That weight matters because the whole point of WHASER was to keep the tool small, sturdy, and easy to fly over whales without forcing researchers into a bulky custom build. The device packs a microcontroller, LiDAR sensor, GPS module, IMU, microSD reader, USB-C rechargeable battery, and OLED display into an enclosure that was reworked with 3D printing to make it more compact, lighter, and tougher against splash water and salty air. The team also used printed parts for custom transport-case inlays, a detail that sounds minor until you have to drag sensitive gear across a wet field site and keep it alive for the next flight.

That kind of iteration is where desktop printing beats machining or outsourcing. WHASER was not a product line with a polished industrial finish to protect.
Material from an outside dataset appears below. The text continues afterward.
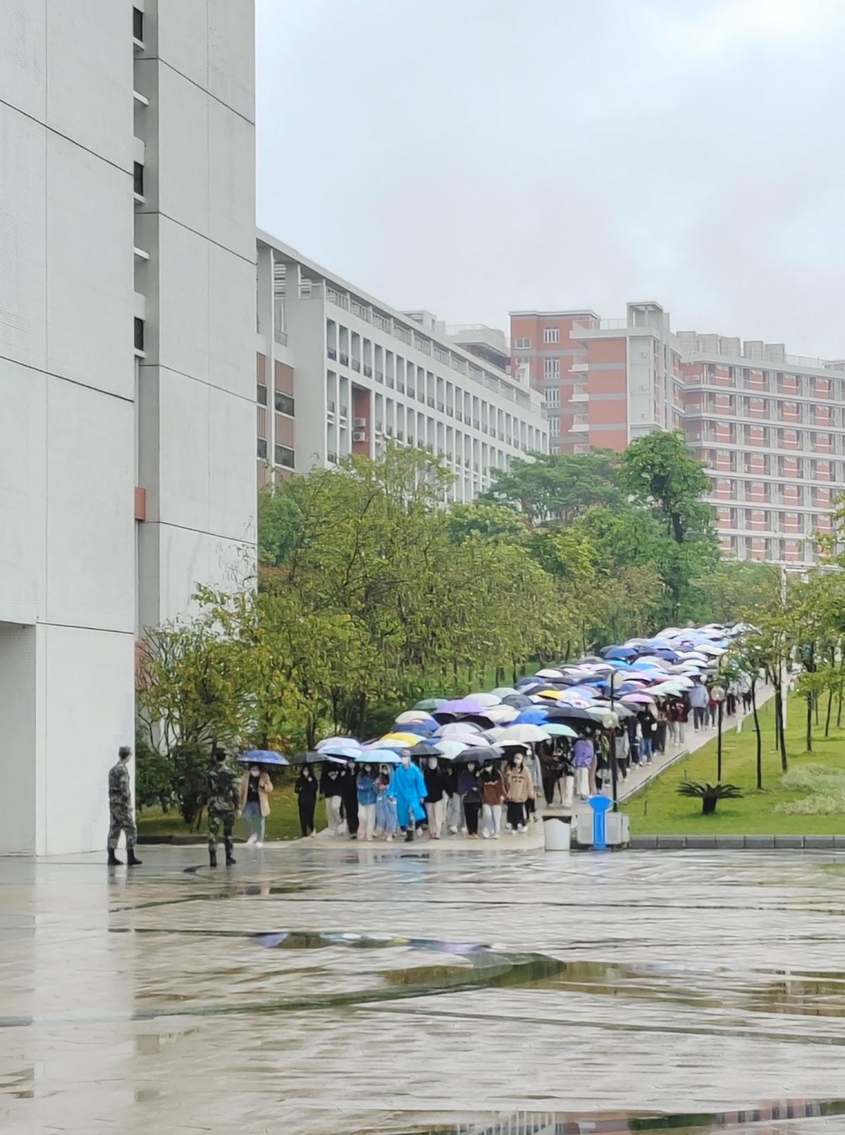 为促使此次检测活动有序进行,医护人员身穿防护服、冒雨前行赶到现场做准备工作,全体师生在退伍军人的指引下按照“分栋模式”有序排队集合,志愿者耐心引导受检师生严格按照疫情防控要求,佩戴好口罩、测温、出示健康码和核酸码,保持1米的间隔排队等候,医护人员反复进行试管贴签、消毒洗手、采集咽拭子、现场采样装管等规范操作,现场秩序井然。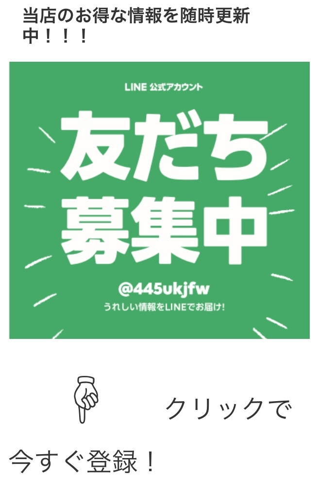 下のボタンから当店の公式LINE お友達追加してもらうと… お得な情報・クーポンがもらえちゃう! ↓ぜひ登録お待ちしてます↓

It was a one-off scientific instrument that had to fit a drone, survive marine weather, hold a bigger battery, and improve internal geometry between test runs. Printing let the team change the housing without waiting on a machine shop or paying for a short run of parts that might still be wrong. The result, the team says, was faster setup in the field and longer drone flight times, both of which matter when the work happens around live whales and short weather windows.

The measurements were collected off Iceland, including work in the Westfjords, where Whale Wise focuses on aerial images of humpback whales to assess scars from above and gauge the long-term effects of fishing gear entanglement. The charity describes entanglement as a major threat to humpbacks, and the aerial approach matters because scars photographed from boats may capture only a small portion of the animals’ bodies and can underestimate how widespread the damage really is.
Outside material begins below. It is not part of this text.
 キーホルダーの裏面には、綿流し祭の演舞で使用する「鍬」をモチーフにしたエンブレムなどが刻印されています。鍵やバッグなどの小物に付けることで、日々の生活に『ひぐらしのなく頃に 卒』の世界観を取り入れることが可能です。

WHASER also fits into a longer line of drone-based whale measurement. In 2019, researchers from the Aarhus Institute of Advanced Studies and Woods Hole Oceanographic Institution showed that drone images of 86 southern right whales off Península Valdés, Argentina, could be used to estimate body volume and mass. WHASER takes that idea closer to field deployment: print the housing, shrink the mass, seal the electronics, and keep the tool compatible with any drone. For specialized scientific gear, that is the sweet spot where 3D printing stops being a prototyping trick and starts saving the whole project.